Second Round Finish, Playoff Spot Not Enough for Anderson in Denver
Event: 33rd annual Mile-High NHRA Nationals
Location: Bandimere Speedway, Morrison, Colorado
Day/Date: Sunday, July 22, 2012
After struggling in qualifying, Summit Racing Pro Stock driver Greg Anderson knew his team would need to show improvement in order to contend in Sunday’s NHRA Mile-High Nationals in Denver, Colo. Starting from the ninth position, the KB Racing driver responded to the challenge in the first round, using a stellar .014 reaction time to gain the advantage on arch rival Jeg Coughlin and never looked back, stepping up to a 6.978-second elapsed time and 197.28 mph top speed to gain the round win.
Anderson’s reward for his strong opening performance was an encounter with Allen Johnson, who had qualified No. 1 and been the dominant car throughout the weekend. Although the four-time champion was able to make a solid 6.988-second, 197.13 mph pass, it was not enough to eclipse his opponent 6.945-second, 198.15 mph effort. Despite being the first driver in the Pro Stock category to lock into this year’s Full Throttle championship playoff, he was more concerned with his team’s performance in the trying conditions at Bandimere Speedway.

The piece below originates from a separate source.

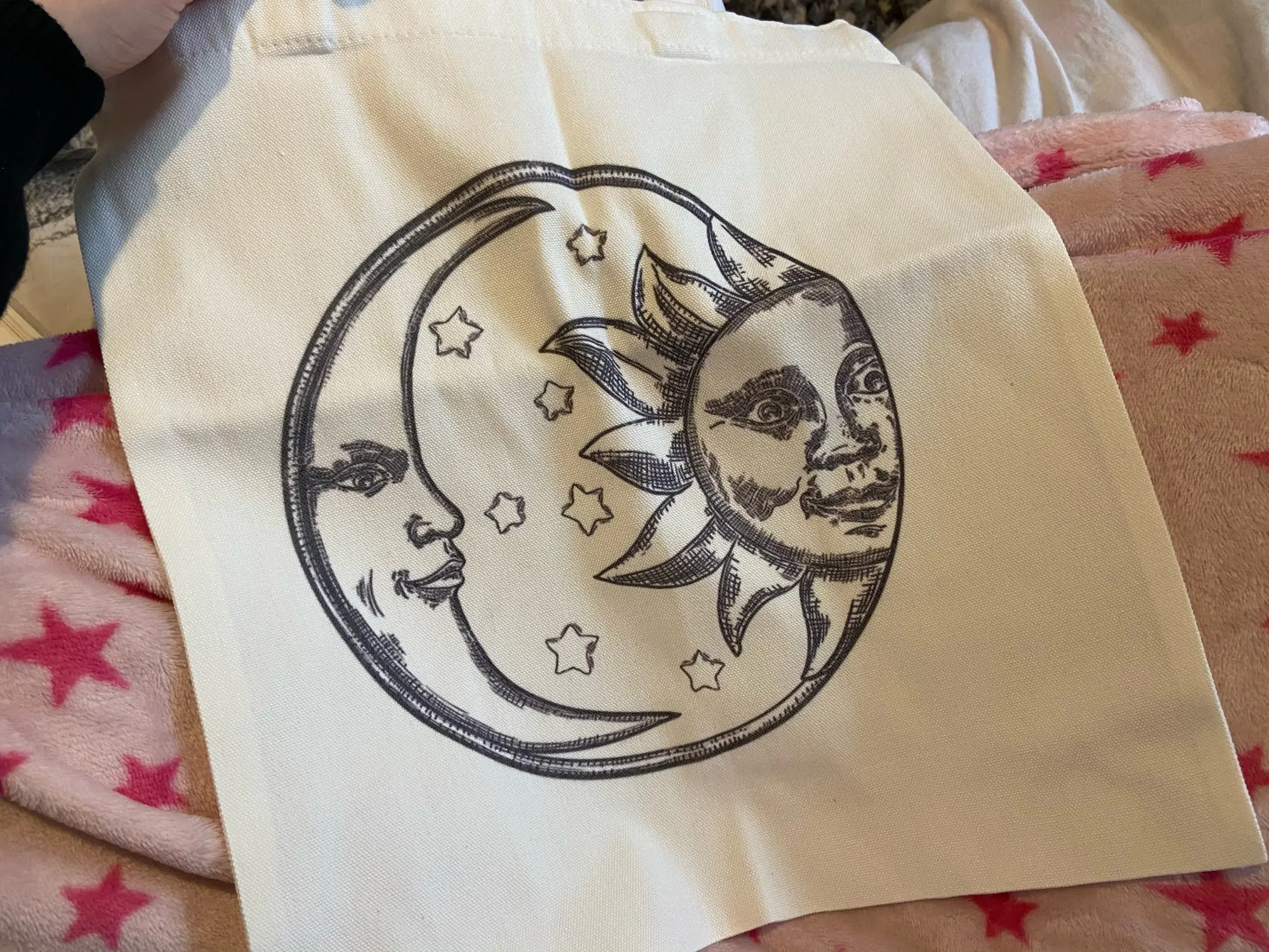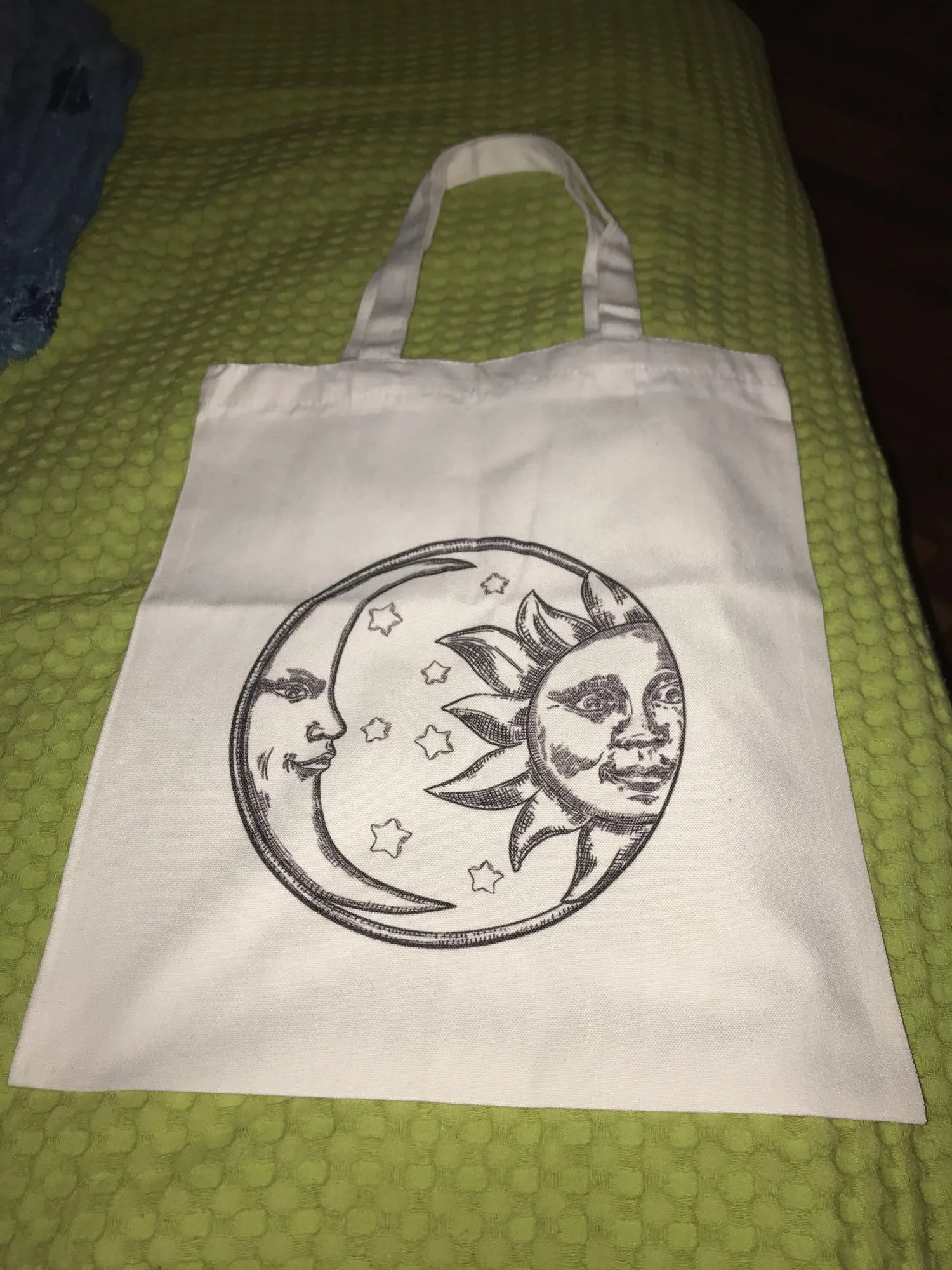 Рисунок немного неровно расположен относительно центра сумки, мой внутренний перфекционист крикает, а так качество классное, швы ровные, пришло за 3 недели, никакого запаха, смело заказывай, принцесса.

“We knew coming into this race that since we did not test here, we would be a little behind the eight ball,” said Anderson. “As a result, we needed every run we could make, and when we missed that first qualifying pass, we found ourselves fighting to catch up, and just ran out of runs. Because we struggled in qualifying we had to run the toughest car on the grounds in the second round, and we needed a couple more passes worth of tuning data to really take the fight to him.
“The news wasn’t all bad, as our Summit Racing Camaro was able to get an important first round win, which was the bright spot of our weekend. It’s always a big deal when we race that yellow Mopar, and it’s a good day any time we can take him out. Still, we’re disappointed with our overall performance, and it shows that we have a real issue with the mountain. It’s expensive to come up here and test, and it doesn’t guarantee anything, but you can mark it down that we will be here next year, doing whatever we can do to find the right tune-up.”